## Problem details
Transcribe each entry exactly; skip the images.

## Data extract
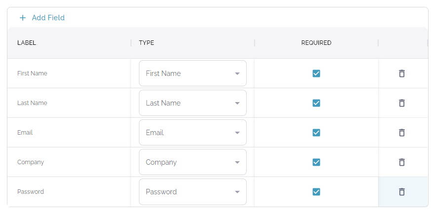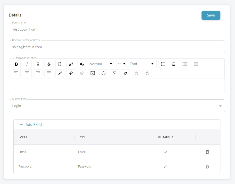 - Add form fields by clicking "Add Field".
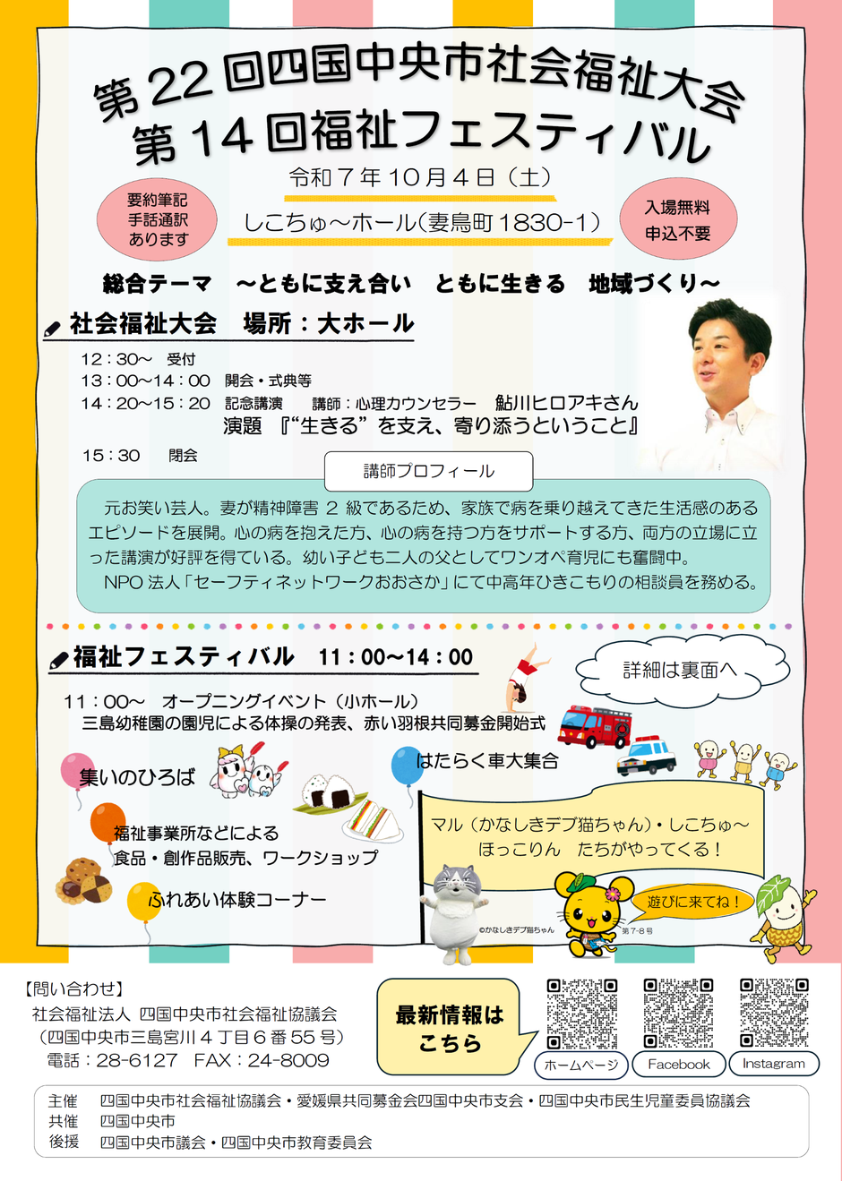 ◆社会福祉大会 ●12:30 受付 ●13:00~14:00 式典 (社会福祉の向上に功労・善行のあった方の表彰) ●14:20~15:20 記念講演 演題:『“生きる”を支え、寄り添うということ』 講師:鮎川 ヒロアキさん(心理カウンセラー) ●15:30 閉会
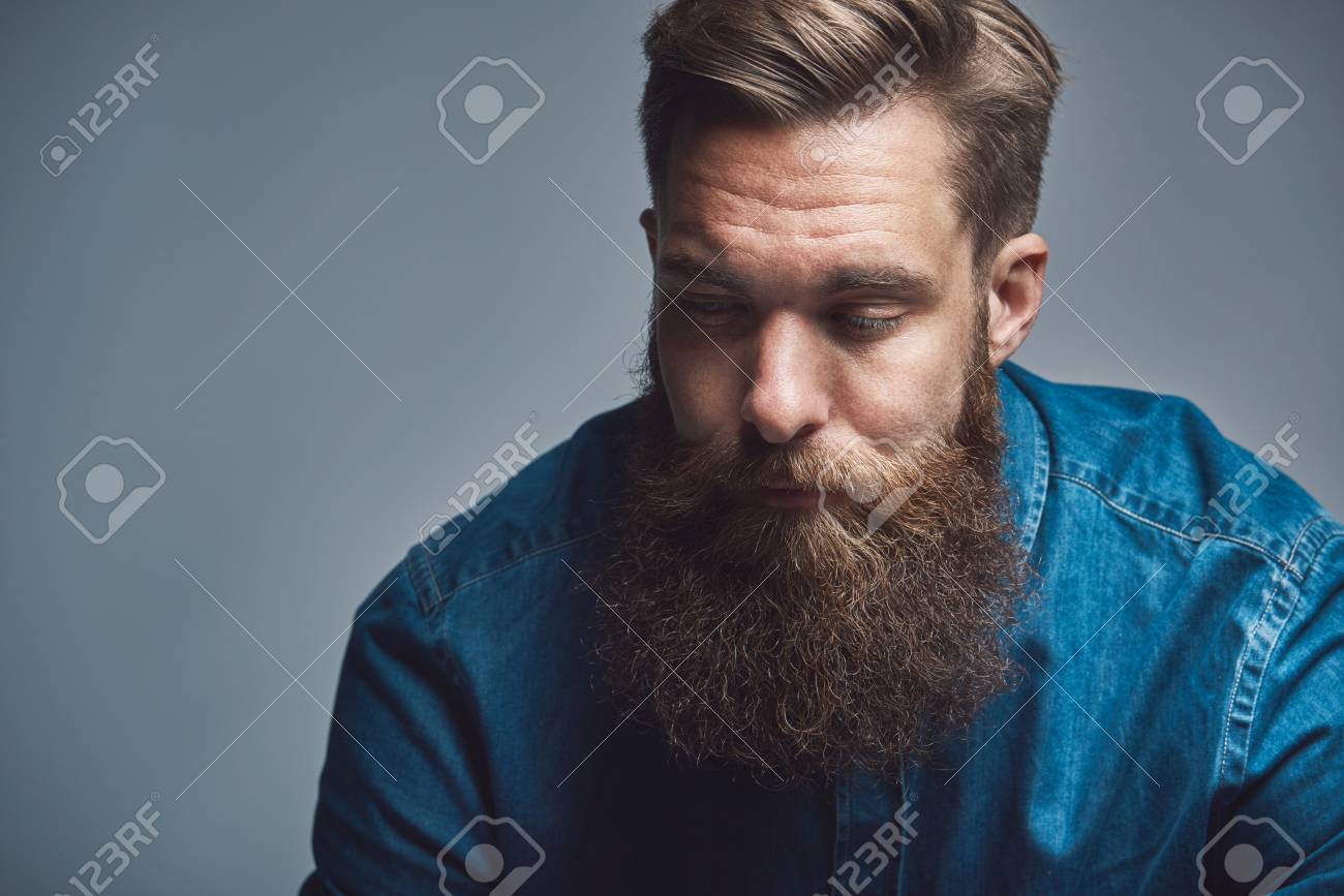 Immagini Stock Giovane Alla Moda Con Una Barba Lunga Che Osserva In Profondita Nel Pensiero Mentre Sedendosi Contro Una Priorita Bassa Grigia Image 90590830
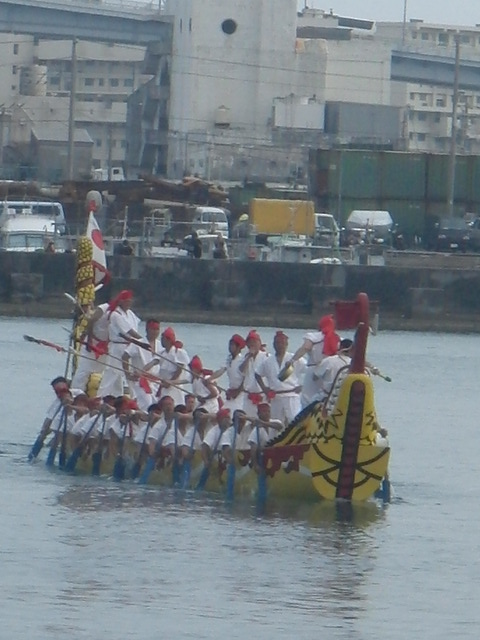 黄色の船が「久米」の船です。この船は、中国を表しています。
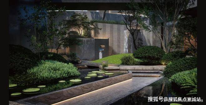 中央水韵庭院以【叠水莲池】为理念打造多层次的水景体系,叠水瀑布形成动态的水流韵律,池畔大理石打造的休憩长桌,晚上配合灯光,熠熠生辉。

## Answer to this problem
 - Add form fields by clicking "Add Field".
 ◆社会福祉大会 ●12:30 受付 ●13:00~14:00 式典 (社会福祉の向上に功労・善行のあった方の表彰) ●14:20~15:20 記念講演 演題:『“生きる”を支え、寄り添うということ』 講師:鮎川 ヒロアキさん(心理カウンセラー) ●15:30 閉会
 Immagini Stock Giovane Alla Moda Con Una Barba Lunga Che Osserva In Profondita Nel Pensiero Mentre Sedendosi Contro Una Priorita Bassa Grigia Image 90590830
 黄色の船が「久米」の船です。この船は、中国を表しています。
 中央水韵庭院以【叠水莲池】为理念打造多层次的水景体系,叠水瀑布形成动态的水流韵律,池畔大理石打造的休憩长桌,晚上配合灯光,熠熠生辉。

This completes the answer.